Monday, 4 o’clock.—You ask me what my house is like, and what Frenada is? Frenada is a village much in decay, very dirty; in the streets are immense masses of stones, and holes, and dung all about, houses like a farm kitchen, with this difference that there are the stables underneath. My last lodging was like a part of a Welsh farm-house, boarded off at one end from the common room, with a hole through the wall and one pane of glass let in. I am now in a distinct building like a granary, with the stables below, in an English farm-yard, in which are my animals of all sorts, servants and all. The kitchen is a miserable shed, not water-tight, where the woman of the house and three children live quite separate. The building I occupy has one opening with a wooden door besides the entrance-door, and the end, about eight feet wide by sixteen long, was boarded off by an officer last year. In this I sleep, eat, drink, write, &c., and live altogether, as it has a fireplace in the corner built by the same officer. The fireplace is so contrived, however, as to let more smoke into the room than up the chimney, and of course my eyes suffer, and all I have looks yellow and smells of smoke.
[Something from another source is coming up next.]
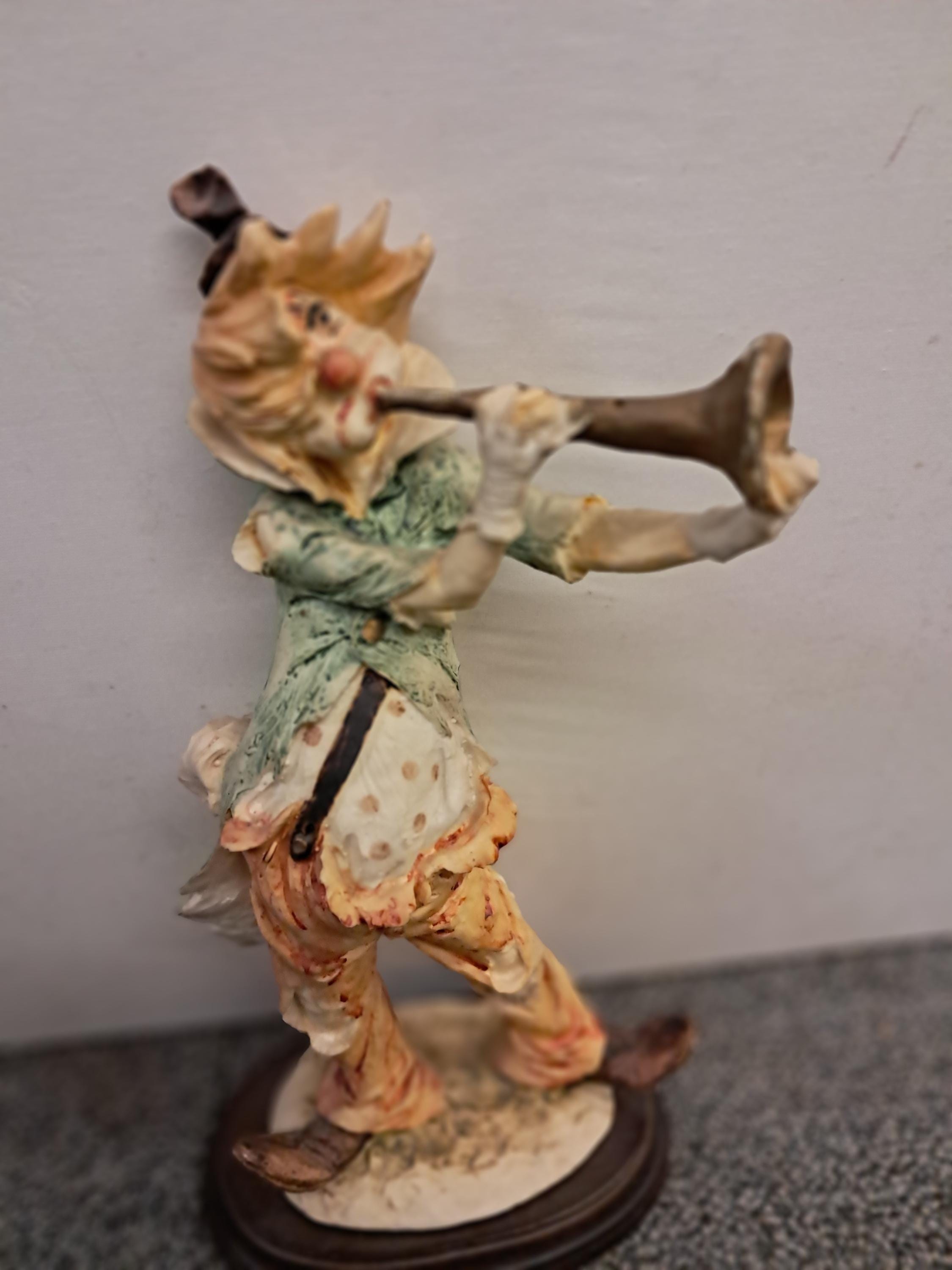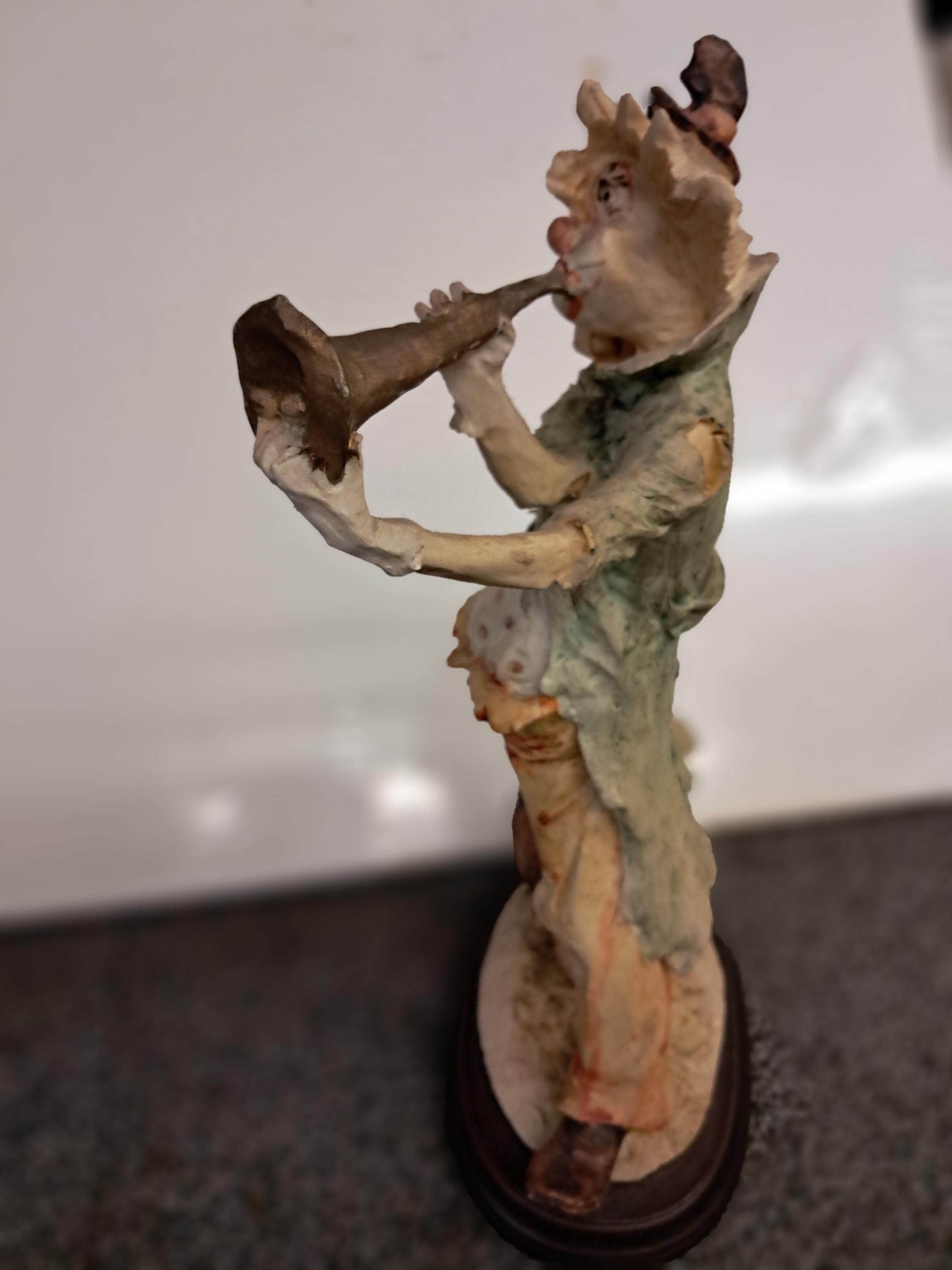 Vintage Hobo Clown Playing Horn Statuette Figurine

It is said that Lord Wellington and the Court here are to go to Ciudad Rodrigo, to a fête, to install the new Knight of the Bath, General Cole. I shall not go unless especially invited, and I have enough to do here, for except, probably, the Adjutant-general, the Quarter-Master-general, and perhaps the Commissary-general, I have more correspondents than any one here.
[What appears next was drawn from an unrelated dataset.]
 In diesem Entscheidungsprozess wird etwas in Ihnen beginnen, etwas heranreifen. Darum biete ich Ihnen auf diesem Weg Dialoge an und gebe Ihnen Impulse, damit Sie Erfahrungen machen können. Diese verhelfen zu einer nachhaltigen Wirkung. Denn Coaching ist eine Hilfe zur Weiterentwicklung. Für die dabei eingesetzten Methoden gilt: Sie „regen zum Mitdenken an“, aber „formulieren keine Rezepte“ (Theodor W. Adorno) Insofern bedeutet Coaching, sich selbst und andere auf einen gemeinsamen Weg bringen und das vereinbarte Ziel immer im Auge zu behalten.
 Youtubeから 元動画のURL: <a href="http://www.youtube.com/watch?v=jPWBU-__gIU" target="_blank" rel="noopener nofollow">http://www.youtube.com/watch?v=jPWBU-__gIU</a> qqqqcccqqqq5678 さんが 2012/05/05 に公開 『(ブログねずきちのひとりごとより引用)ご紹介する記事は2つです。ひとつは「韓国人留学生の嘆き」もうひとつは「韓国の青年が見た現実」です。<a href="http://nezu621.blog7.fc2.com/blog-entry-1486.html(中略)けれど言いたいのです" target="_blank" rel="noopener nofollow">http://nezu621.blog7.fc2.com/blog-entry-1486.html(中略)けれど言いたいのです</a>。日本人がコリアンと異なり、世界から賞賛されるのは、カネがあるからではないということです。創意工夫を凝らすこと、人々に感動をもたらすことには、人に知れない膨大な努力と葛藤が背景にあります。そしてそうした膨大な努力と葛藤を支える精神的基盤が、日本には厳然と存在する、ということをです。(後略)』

I take it in the army that the officers in the lower branches of the staff are sharp-set, hungry, and anxious to get on, and make the most of everything, and have a view even in their civilities. I have tried not to notice much that I could not help seeing, and which gave me a moderate opinion of the profession, which has not the independence to be seen in all the most respectable at the bar. There is much obsequious, time-serving conduct to any one who is in office, or is thought to have a word to say to his lordship.
Lord Wellington gets angry about the Courts-martial, the difficulty as to getting witnesses, the inconvenience, and then at last the great lenity of the Courts. “How can you expect,” he remarked to me, “a Court to find an officer guilty of neglect of duty, when it is composed of members who are all more or less guilty of the same?” He does not like the tribunal. We have, however, hung six men within this month, broken several officers (at least their cases are gone home with that sentence), and flogged about sixteen or eighteen (pretty well, this), and we are still at work. I have now twenty-two cases left on hand, about thirty-six tried, about two or three new cases every week, yet I hope we are getting on better now. I am glad to be made of such importance as you say I am in England; my reputation increases here a little, several Courts-martial having been sent back for revision: for this I get in a degree the credit, and in some instances justly. I am thought a formidable person to whom it is as well to be civil, and who can often be of service to others.
The Princess of Wales’s letter is good; and I think, and have always thought, that if she could once dare inquiry, her case would be unanswerable, and the Prince in a complete dilemma. We have heard here that Brougham wrote the Princess’s letter: is there such a story in England?